I ask questions on here that might seem ridiculous to some of you but I do so to try figure out things about this whole crazy process that I haven’t figured out yet. I read books and I look at college websites and, thanks to advice on here, read common data sets. Guys I work with can give you New York Yankee stats for the last twenty years but won’t invest the time it takes to research things that impact their kids educations and futures.
Yes, listen to your guidance counsellors but, as parents, you have to decide if the advice is good or not and act accordingly.
I’m more surprised that the parents and/or the student himself didn’t do even some basic research. Applying into CS right now is really tough. Add that to “average” SAT scores and no ECs at all? Then look at the list of colleges. The outcome is something most people on CC could have predicted.

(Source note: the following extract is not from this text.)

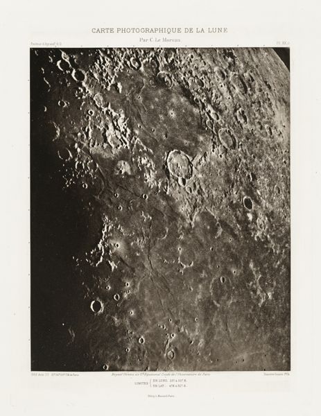 Charles Le Morvan made this photographic chart of the moon sometime between 1865 and 1933, using photography to document its surface. I love to look at it, thinking of the painstaking process, the artist working away in monochrome. There’s something about the texture, the way the craters catch the light and shadow, that feels incredibly tactile. You can almost feel the grit and dust, the cold, silent vacuum. It's hard to believe this isn't a drawing, a work of the hand. Look at the upper right corner, where the light stops; it's such a contrast to the pitted surface. The depth of field gives the illusion of the spherical; it's so different to a painting because of the lens. I wonder how they felt about this new kind of image making? For me, this plate echoes the graphic work of someone like Vija Celmins. Both artists share that same dedication to the surface and the subtle, quiet beauty of shades of gray. This feels like a real conversation across time.

@Jon234, some parents who went to college in the US may know so little because they went to college in the US (and assume that college admissions hasn’t changed so drastically from when they applied when Penn, NU, and the U of C had admit rates around 50% or higher and UCLA had an admit rate around 80% back in the '80’s). Parents from abroad figure they know nothing about American college admissions and would do the research.

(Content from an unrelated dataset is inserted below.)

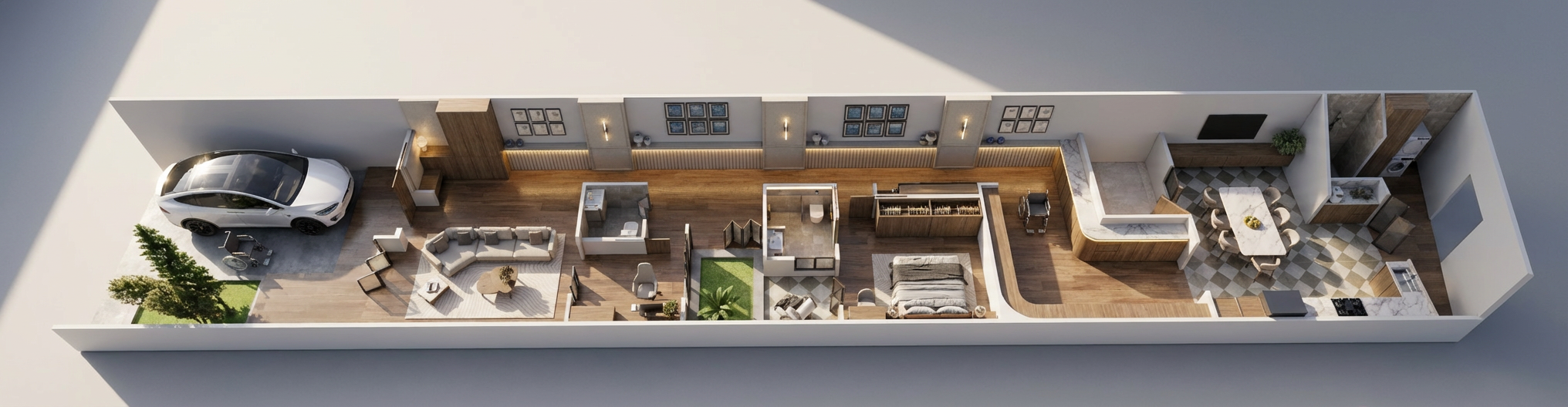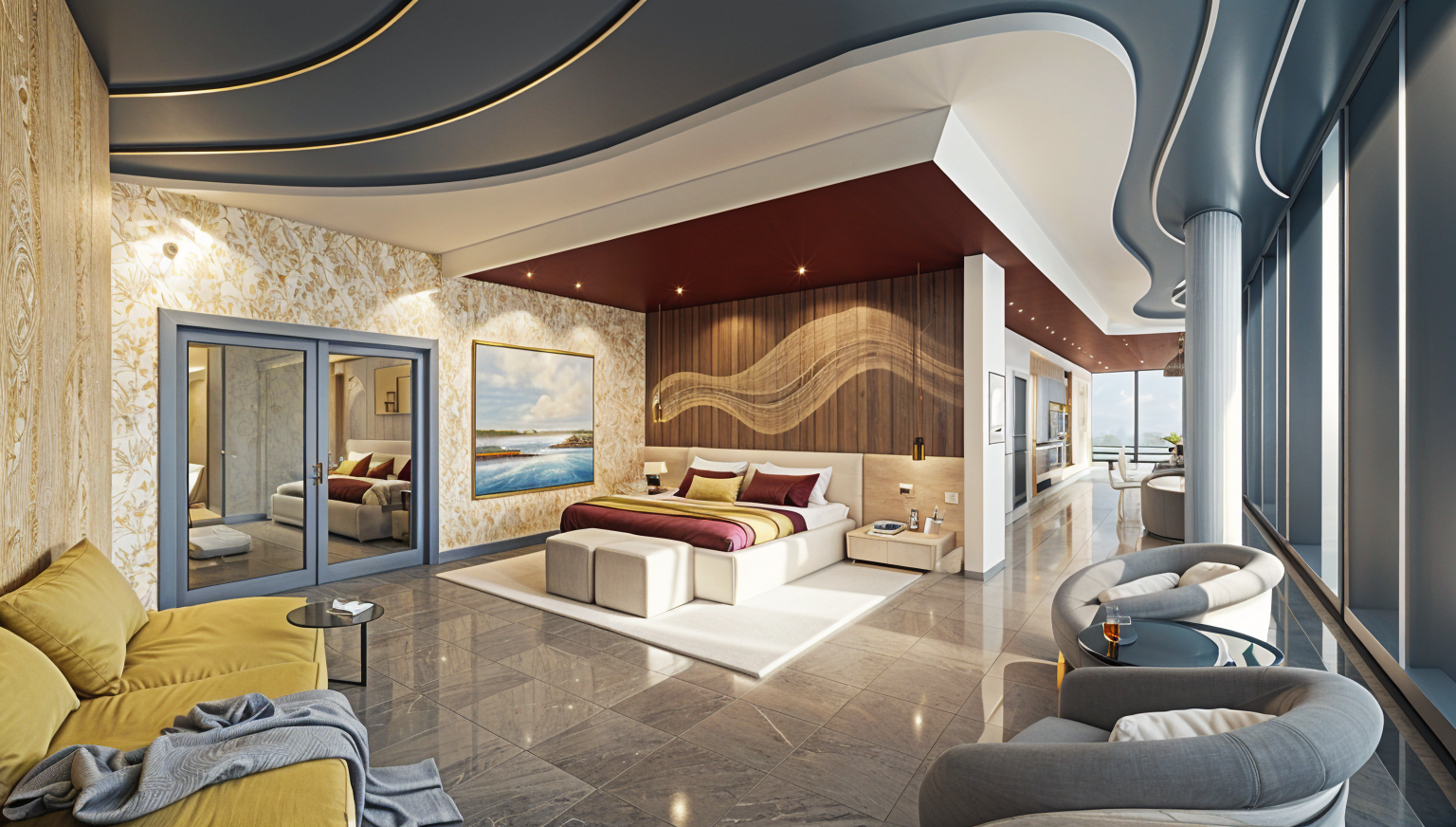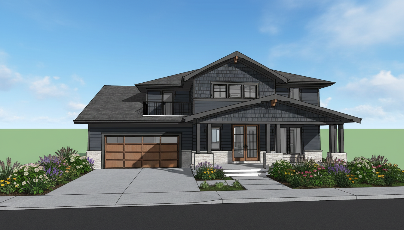 render a modern three story building with a sleek facade use matte gray panels and warm wood accents for the front incorporate large windows with a reflective sky blue tint the base should feature textured dark gray bricks add vibrant green trees at the front for contrast set in a clear sky with soft clouds creating a serene and inviting atmosphere

I was a ‘know nothing’ parent. My kids had gone to 3 different high schools. I liked the GC at the 2nd school, but they were only there one semester. I didn’t like the GC at the final school and she was a mid 20’s counselor with much too much work to do and not very mature. I was exhausted.
I was lucky I had two kids who weren’t looking to reach, just to go to college. It was all complicated by my job ending and money being very tight.
I didn’t broadcast my kids’ rejections on the local news. Poor kid.
I’m curious how the guidance counselor got injected into this. Other than the title, the original post has nothing related to a guidance counselor. Did the GC recommend these schools and tell the student/parents that student was guaranteed to get into them - no problem? Given the available data, I’d say all of them were a reach and the result was fully predictable.
I learned after talking to the GC for my older daughter that we needed to own the application process. The GC’s questions/application diagnostic could have been summed up as “So, Pitt or Penn State?”. Anything else was beyond her. So we had a nice chat and managed the process ourselves.
OK, I found and read her entire 1200 word FB post and still see not a word about a guidance counselor.
OP @Cardinal Fang, what’s the reason for the title?
She is correct that
"My son shot high, and he only shot high. Because we were so blindly confident in his academic success and commitment, we didn’t think about applying to colleges that we knew he’d definitely have a chance of getting into.
That brings us to mistake number two. We didn’t research our “safe” school. We thought he’d get into UC Santa Cruz, no problem. "
Kudos to her for sharing it an helping others avoid this problem. I think the low acceptance rates of the top schools are indicative of lots of students/parents overestimating their standing. Nothing wroing with that, I suppose, other than $75, but be smart about contingencies. Even 4.0UW/1600’s need a safety school.